Founded in 1987, Rubin said the ASX-listed company’s decision to take to the skies with Microsoft centred around three core objectives.

“Firstly, we wanted the global reach of the Microsoft Azure data centres,” Rubin explained. “Secondly, the co-selling motion was a big factor in our decision through the ability to have feet on the street in different parts of the world, which ties into our global expansion plans.

‘Thirdly, the partner-to-partner environment created around Azure or Office 365 is offering greater traction from a cloud context.”

Tim Madden - co-founder, Capstone
Tim Madden - co-founder, Capstone

Capstone

Capstone is a healthcare technology company specialising in the development of integrated cloud-based solutions, designed to deliver improved patient and practice management.

“Healthcare has suffered from a trend that began 30 years ago when technology started to provide solutions as part of the patient experience,” Capstone co-founder, Tim Madden, said.

“Technology came along and helped connect A to C, then M to P and then X, Y and Z which was an exciting development at the time.

“But this started an issue in that today’s medial and healthcare providers are all hamstrung by disconnected systems. As a result, we’re offering a solution that delivers that continuum of care across the board.”

After striking a partnership with Microsoft a year ago, the Canberra-based start-up recently created a unified practice management solution, spanning patient care, financial billing and practice management.

Developed from the ground up to meet the sector’s specific needs, Madden said the practice management software is powered by Microsoft Azure and integrates with Office 365 to provide a practice management solution capable of scaling nationally and globally.

“In Azure we can spin up VMs (virtual machines) in minutes,” he explained. “That was a game changer for us - we have to migrate huge amounts of data when we put a client on and need to scale up VMs very quickly for a short period of time.”

MailGuard

As one of Australia’s leading cloud webbed email security service providers, MailGuard is new to the Microsoft channel.

Founded in 2001, MailGuard is the world’s largest private SaaS cloud security company, with approximately 15 per cent market share in Australia and three per cent internationally.

“We were introduced to Microsoft three months ago and we’re now in the process of migrating across to the Azure platform,” MailGuard founder and CEO, Craig McDonald, said.

“But we’re 15 years young in the cloud space and everything we’ve done, and still do today, is based around innovating to ensure we keep criminals at bay from our customer’s web or email services.

“We’re constantly innovating and spend 40 per cent of our revenues on R&D, and have been for the past nine years.”

The Victoria-based ISV is recognised globally as one of the top players within cloud web and email security, providing complete protection against malware, ransomware, spyware, phishing, spear phishing, viruses, spam and similar malicious scams in 27 countries around the world.

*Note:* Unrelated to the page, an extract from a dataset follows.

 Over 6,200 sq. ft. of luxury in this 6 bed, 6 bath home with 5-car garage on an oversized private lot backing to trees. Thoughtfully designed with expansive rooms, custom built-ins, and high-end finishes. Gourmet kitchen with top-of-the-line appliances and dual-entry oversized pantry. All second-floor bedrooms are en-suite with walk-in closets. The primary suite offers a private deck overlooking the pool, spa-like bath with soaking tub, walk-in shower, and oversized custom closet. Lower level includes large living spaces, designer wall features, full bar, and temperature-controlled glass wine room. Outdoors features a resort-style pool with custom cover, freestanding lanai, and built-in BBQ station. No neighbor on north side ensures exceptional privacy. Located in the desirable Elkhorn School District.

“We’re focused on the development of our technology given the ongoing amount of threats coming through every day,” McDonald added.

“We’re now understanding how big an opportunity Azure represents for our business, but it’s not just a one-way street, we’re also providing Office 365 activations in Australia.”

Microsoft

From a Microsoft perspective, the onus is now on the vendor to invest in making partner finders and marketplaces essentially more “ISV aware” in terms of a discovery and purchase models for partners.

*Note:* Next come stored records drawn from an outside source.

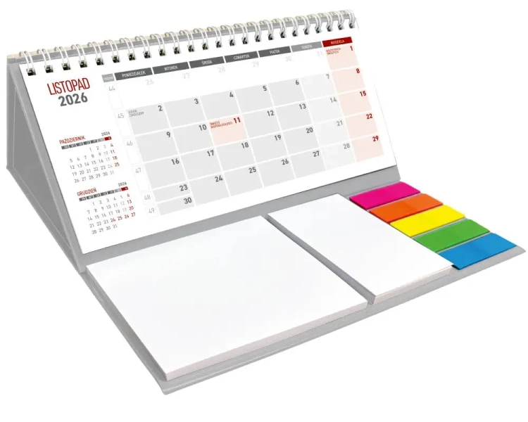• Kalendarium 2026 • Miesiąc bieżący, poprzedni i następny • Daty świąt • Samoprzylepne kartki do notowania • Kolorowe znaczniki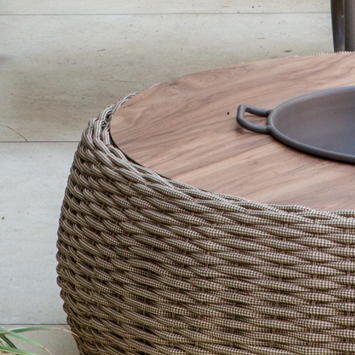 Designed by Luciano Mandelli, the Marina Coffee Table With Fireplace 136cm is a Tidelli classic that combines design and functionality for outdoor living. Its aluminum frame is handwoven with nautical rope or fiber, with top options in stone or HPL.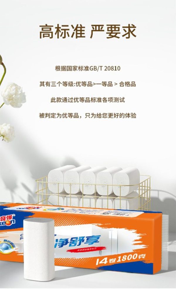 商品名称:奇强 QQJZ0101原木浆无芯卫生纸柔韧加厚 1800克*14卷/提 卫生纸(单位:提)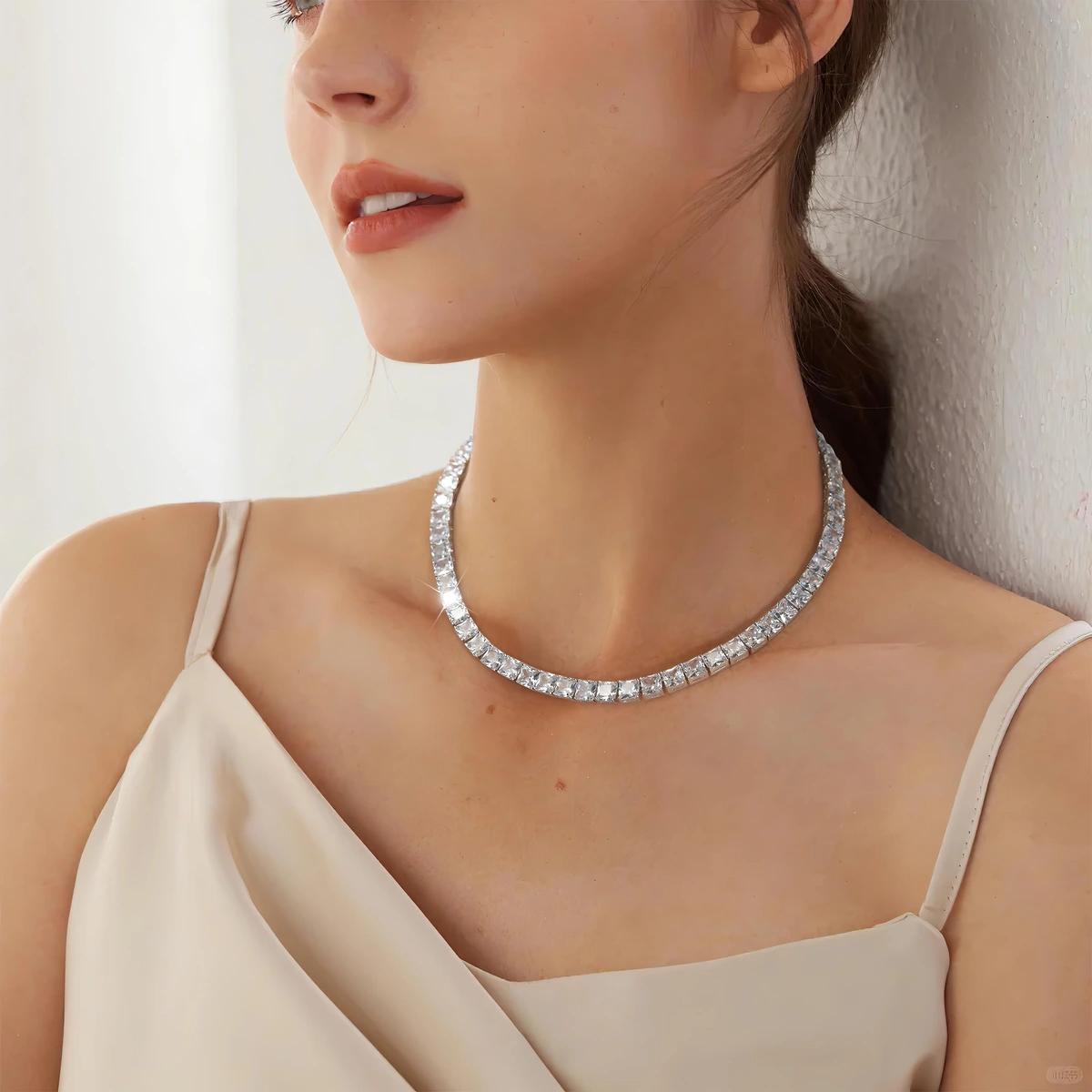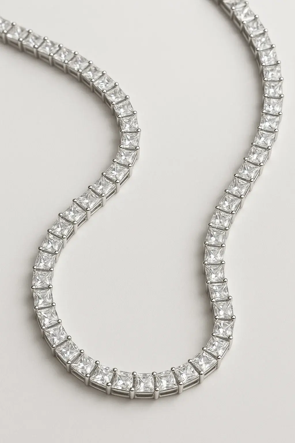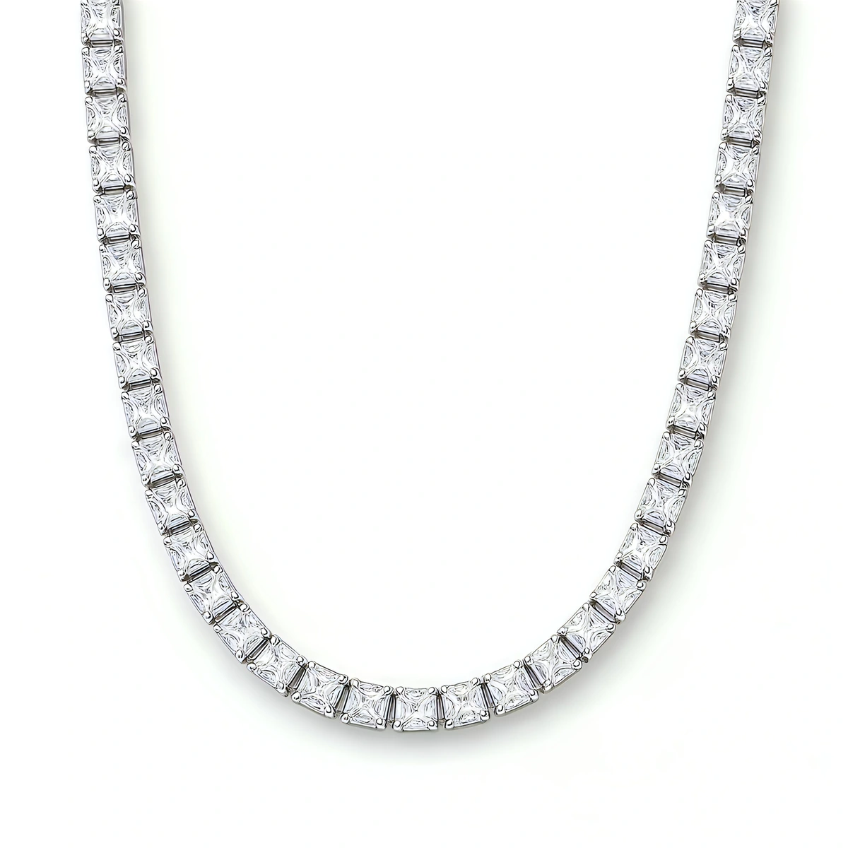 השרשרת כוללת כולל מערך רציף של זירקונים מרובעות מנצנצות, שנבחרו בקפידה ושובצו על ידי מומחה כדי להבטיח שכל זירקון נוצץ בצורה המקסימלית, השרשרת משובצת בחיתוך יהלום Princess Cut – חיתוך עוצמתי שמפזר אור באלגנטיות

Built around the notion of creating a "channel-as-a-service" type model, Goldie said Microsoft is now focusing on establishing how to put the right tooling in place to allow the vendor’s expanding ISV base to reach its core channel partners.

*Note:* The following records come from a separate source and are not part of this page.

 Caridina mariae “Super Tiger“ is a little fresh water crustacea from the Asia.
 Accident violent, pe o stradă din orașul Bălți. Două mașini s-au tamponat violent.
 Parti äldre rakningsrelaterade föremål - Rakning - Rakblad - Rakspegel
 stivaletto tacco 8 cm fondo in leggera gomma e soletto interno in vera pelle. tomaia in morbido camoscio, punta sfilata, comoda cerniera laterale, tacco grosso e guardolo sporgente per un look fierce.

“If you take CSP as an example,” Goldie explained. “How do we make ISVs a skew within CSP? That’s driving a lot of our thinking at present around how we rebuild some of our programs.

“It’s in the works and we’re piloting it with ISVs in North America. A lot of our business goes through CSP and into the markets we want to target, and the easiest way to make this happen is to light up that one product that the channel could start to buy.”